» **Requirement**: Retype the listing below line for line, but only from the line with "एलईडी बल्बों की" down to the line with "In der wärmeren", inclusive. Pictures stay out.

» **Given data**:
——————————
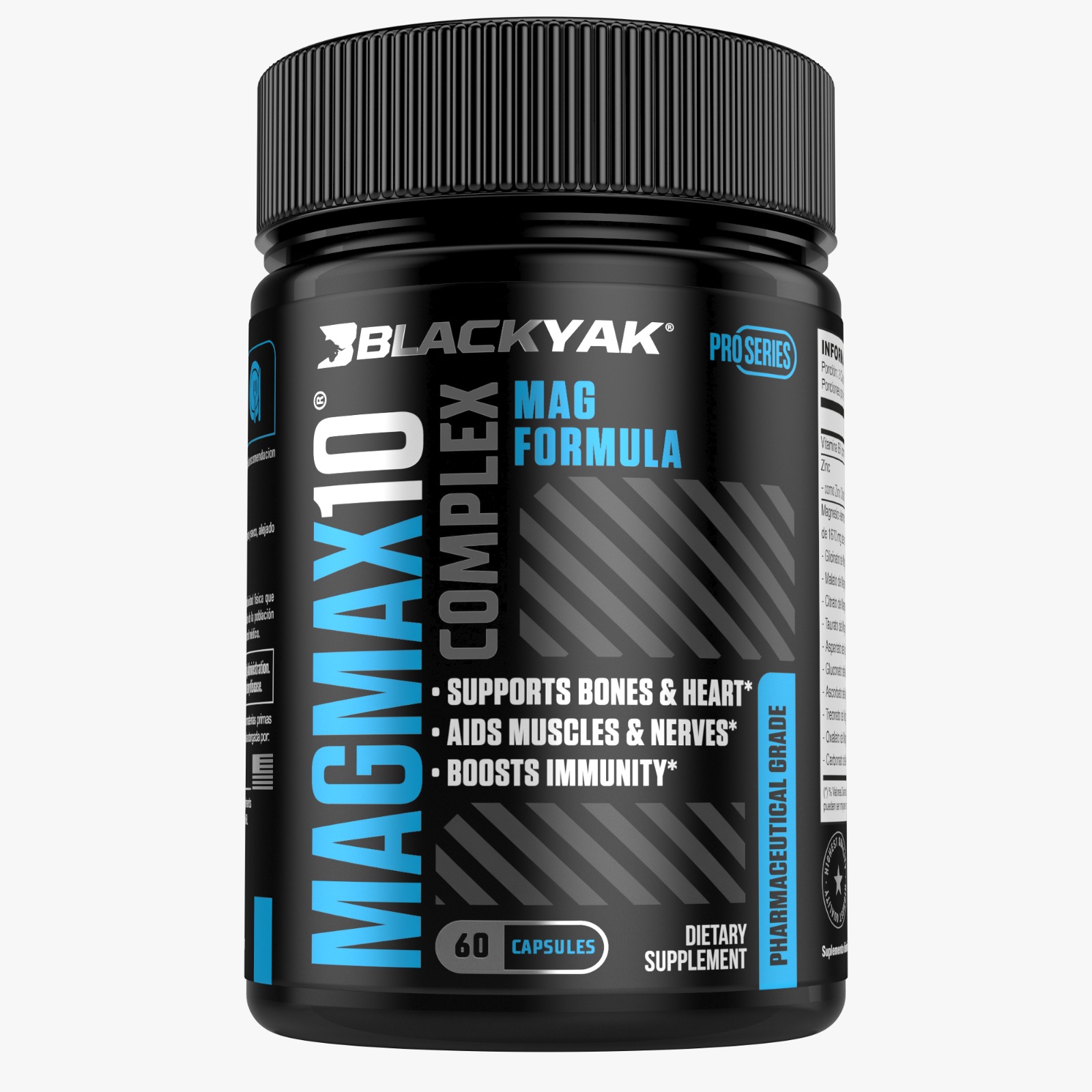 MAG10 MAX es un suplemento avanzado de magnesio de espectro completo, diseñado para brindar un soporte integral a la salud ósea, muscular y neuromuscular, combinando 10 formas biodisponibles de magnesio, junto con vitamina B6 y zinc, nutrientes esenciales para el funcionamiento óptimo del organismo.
——————————
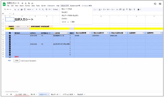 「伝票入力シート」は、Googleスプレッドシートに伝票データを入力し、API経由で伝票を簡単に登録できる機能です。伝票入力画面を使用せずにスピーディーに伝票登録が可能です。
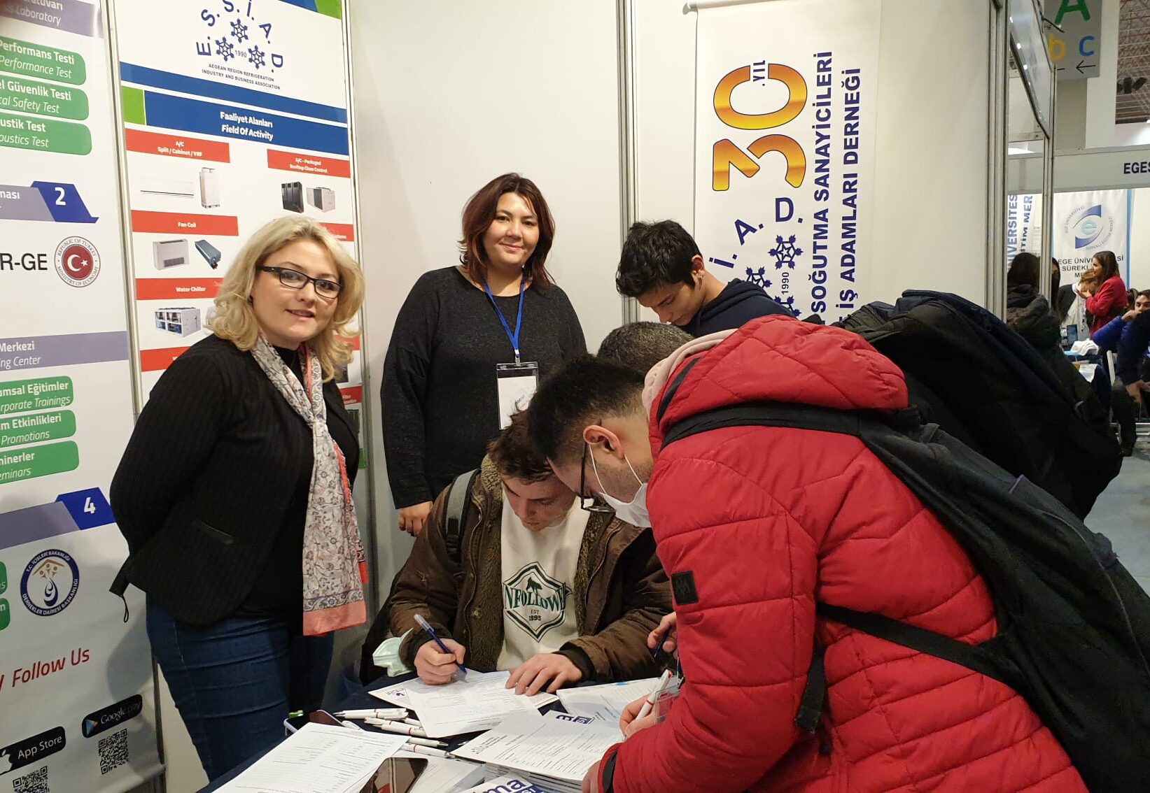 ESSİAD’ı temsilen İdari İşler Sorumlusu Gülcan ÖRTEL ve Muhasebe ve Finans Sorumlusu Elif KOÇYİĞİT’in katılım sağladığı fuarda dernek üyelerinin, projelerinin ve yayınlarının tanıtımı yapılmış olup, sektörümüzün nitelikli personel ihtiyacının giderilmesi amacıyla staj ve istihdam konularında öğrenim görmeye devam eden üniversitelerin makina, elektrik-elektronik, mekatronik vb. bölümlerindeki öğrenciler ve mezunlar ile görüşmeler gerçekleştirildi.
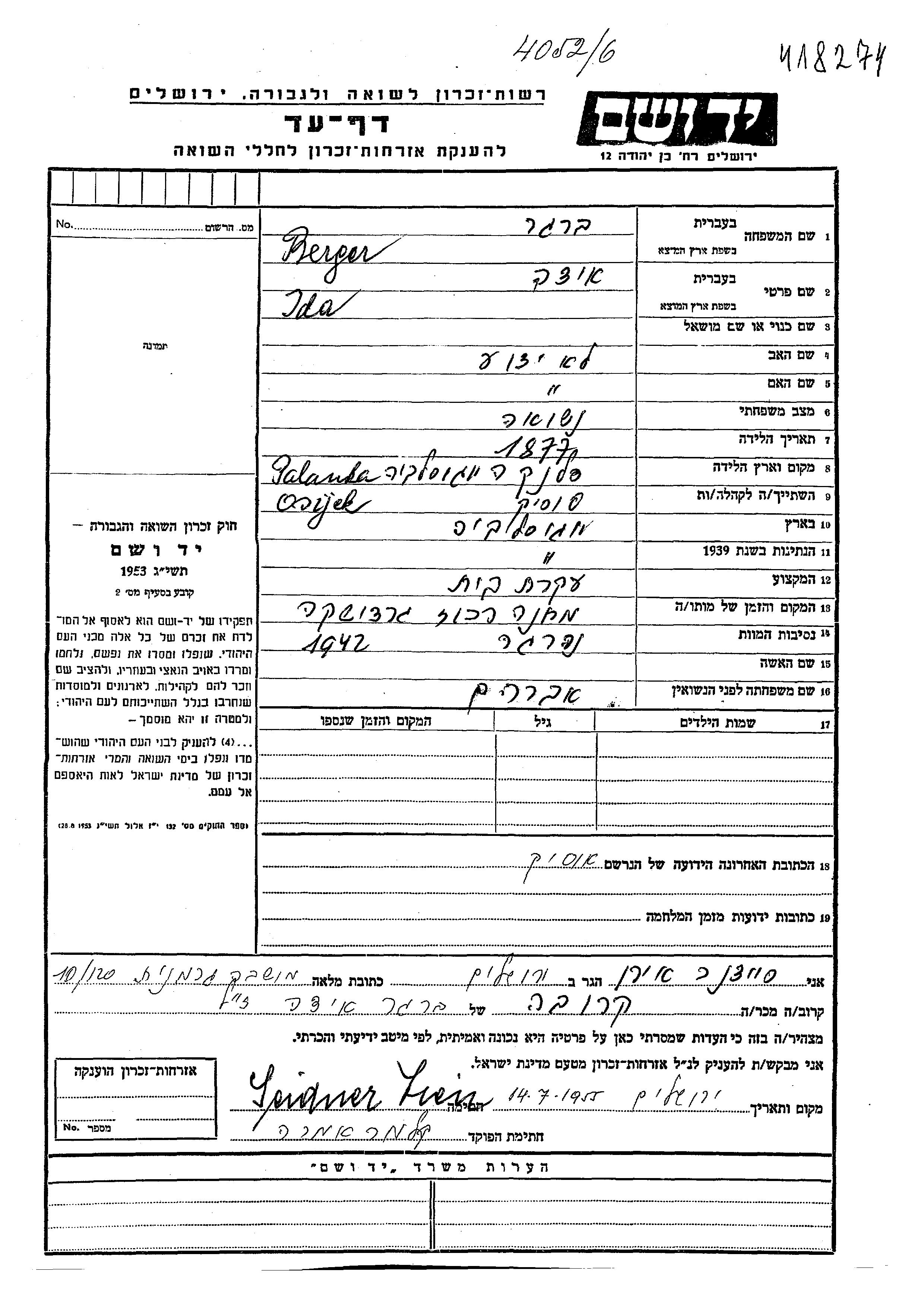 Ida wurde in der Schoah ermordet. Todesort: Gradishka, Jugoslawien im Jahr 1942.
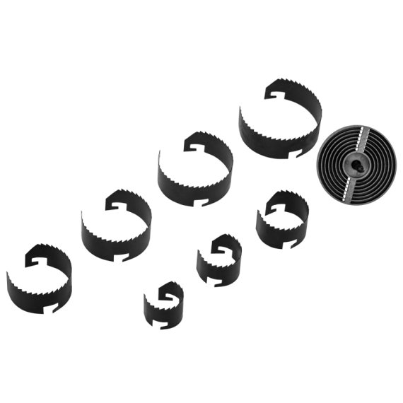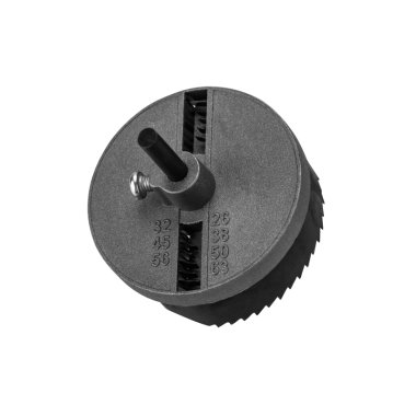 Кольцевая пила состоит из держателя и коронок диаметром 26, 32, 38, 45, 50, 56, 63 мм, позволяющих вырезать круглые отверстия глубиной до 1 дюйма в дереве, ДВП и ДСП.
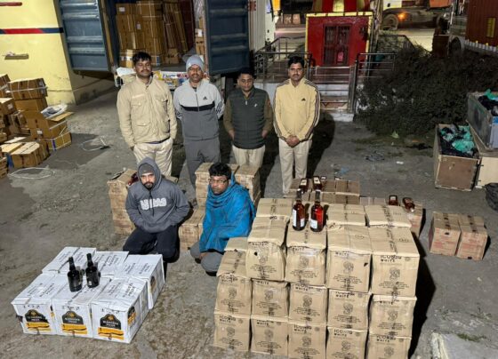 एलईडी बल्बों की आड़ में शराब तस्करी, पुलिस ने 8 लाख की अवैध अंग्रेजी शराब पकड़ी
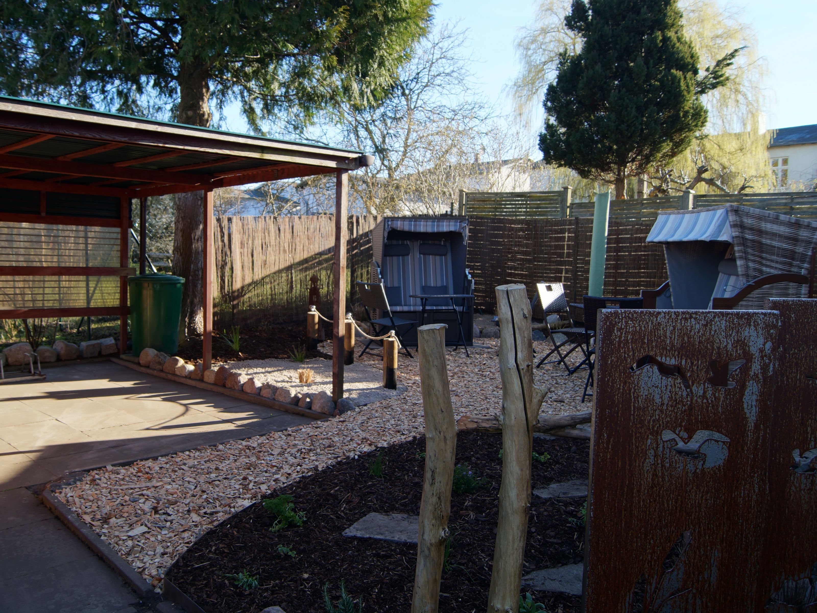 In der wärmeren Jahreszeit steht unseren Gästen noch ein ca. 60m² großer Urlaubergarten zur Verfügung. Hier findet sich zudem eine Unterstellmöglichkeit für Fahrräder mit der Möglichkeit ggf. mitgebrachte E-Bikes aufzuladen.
——————————
» **Response**:
 एलईडी बल्बों की आड़ में शराब तस्करी, पुलिस ने 8 लाख की अवैध अंग्रेजी शराब पकड़ी
 In der wärmeren Jahreszeit steht unseren Gästen noch ein ca. 60m² großer Urlaubergarten zur Verfügung. Hier findet sich zudem eine Unterstellmöglichkeit für Fahrräder mit der Möglichkeit ggf. mitgebrachte E-Bikes aufzuladen.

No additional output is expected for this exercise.